In the days of the first fervour the Christian brethren set up a plan of voluntary socialism, and wished to have all things in common; but the plan did not work, and they had recourse to a systematic relief of the poor. One feature of this relief was what were called Love-feasts. It was not unusual in ancient times for large bodies of men to dine together, and large dinner-parties were often made up by each man bringing his contribution to the feast. With some such idea as this the Christians met, men and women together, the rich bringing the supplies, and they all dined together. Probably they did this every day at the earliest period, and some think that these meals constituted the celebration of what is called the Lord’s Supper. The love-feasts were unquestionably associated with this institution; but in the course of time they became less frequent, and generally took place after the administration of the Eucharist. They continued till the fifth century at least, and were often held in the churches after churches were erected. These dinners were not always scenes of perfect propriety, as St. Paul’s First Epistle to the Corinthians shows, and on some occasions intoxication and riotousness prevailed. These feasts went by the name of Loves, or Love-feasts, as we now translate the word. We need not wonder that Pagans should suspect that the Loves were not of the purest.

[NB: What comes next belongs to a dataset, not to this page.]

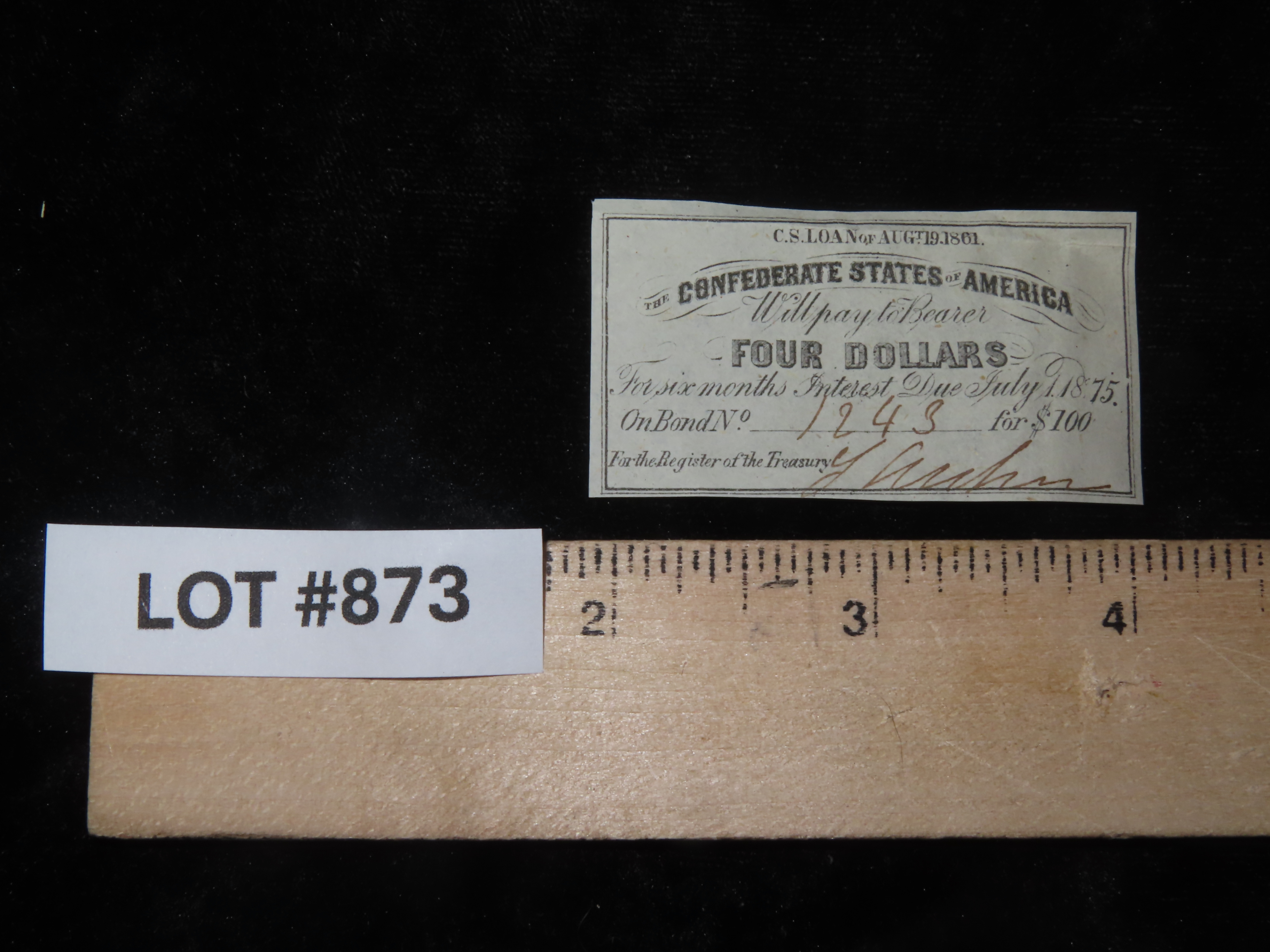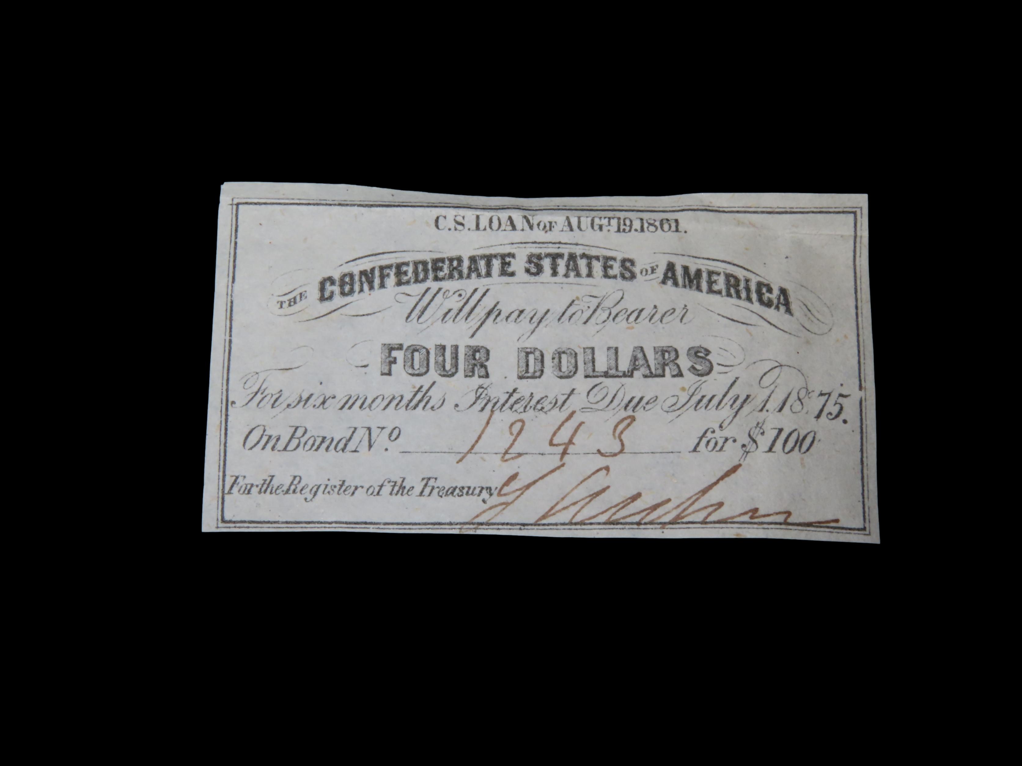 Civil War Confederate States $4 Bond Note, Dated August 19th, 1861. Original Hand Signed Document from the Time Period. Great Piece of American History

Then there was another practice, still more foreign to our Christian ideas. There is no command in the New Testament to keep the Sunday, or to stand or sit at singing, or to repeat the Creed or to keep Good Friday or Christmas, or to do a hundred other things about which Christians have wrangled with all earnestness; but there is a commandment five times repeated in the Apostolic Epistles, and indicative of the strong bond of brotherhood which bound Christian brothers and sisters to each other, to this effect: “Salute the brethren with a holy kiss,” or in another form, “Salute the brethren with a kiss of love.” It is likely that at first this kiss was imparted at every meeting, but gradually it became limited to the great sacramental occasions, such as baptism and the Eucharist. At first, too, and for a considerable time, the Christian brothers and sisters kissed each other. It is easy to see that such a practice would give rise to scandalous reports, and there is evidence in the ecclesiastical writers that the early Christians did not always make it a holy kiss, as it should have been. Athenagoras[136] quotes a saying which he attributes to our Lord, and which evidently deals with an abuse of this practice. It is to this effect: “Whoever kisses a second time, because he has found pleasure in it, commits a sin.” And Clement[137] of Alexandria thus speaks of the matter: “Love is not tested by a kiss, but by kindly feeling. But there are those that do nothing but make the churches resound with a kiss. For this very thing, the shameless use of the kiss, which ought to be mystic, occasions foul suspicions and evil reports.”

These customs prove that considerable freedom prevailed among the earliest Christians, and doubtless sometimes this freedom was abused. In the very first epoch some of the Corinthian Christians sided with a man who committed incest and persisted in it after rebuke, and the Apostle had to exert himself to the utmost to repress the sympathy and the sin, but the accusations, speaking generally, were hideously false and unfounded. They are of some consequence for our purpose, for they must have acted powerfully on the minds of Christians in inducing them to avoid everything that might furnish even the semblance of justification for them.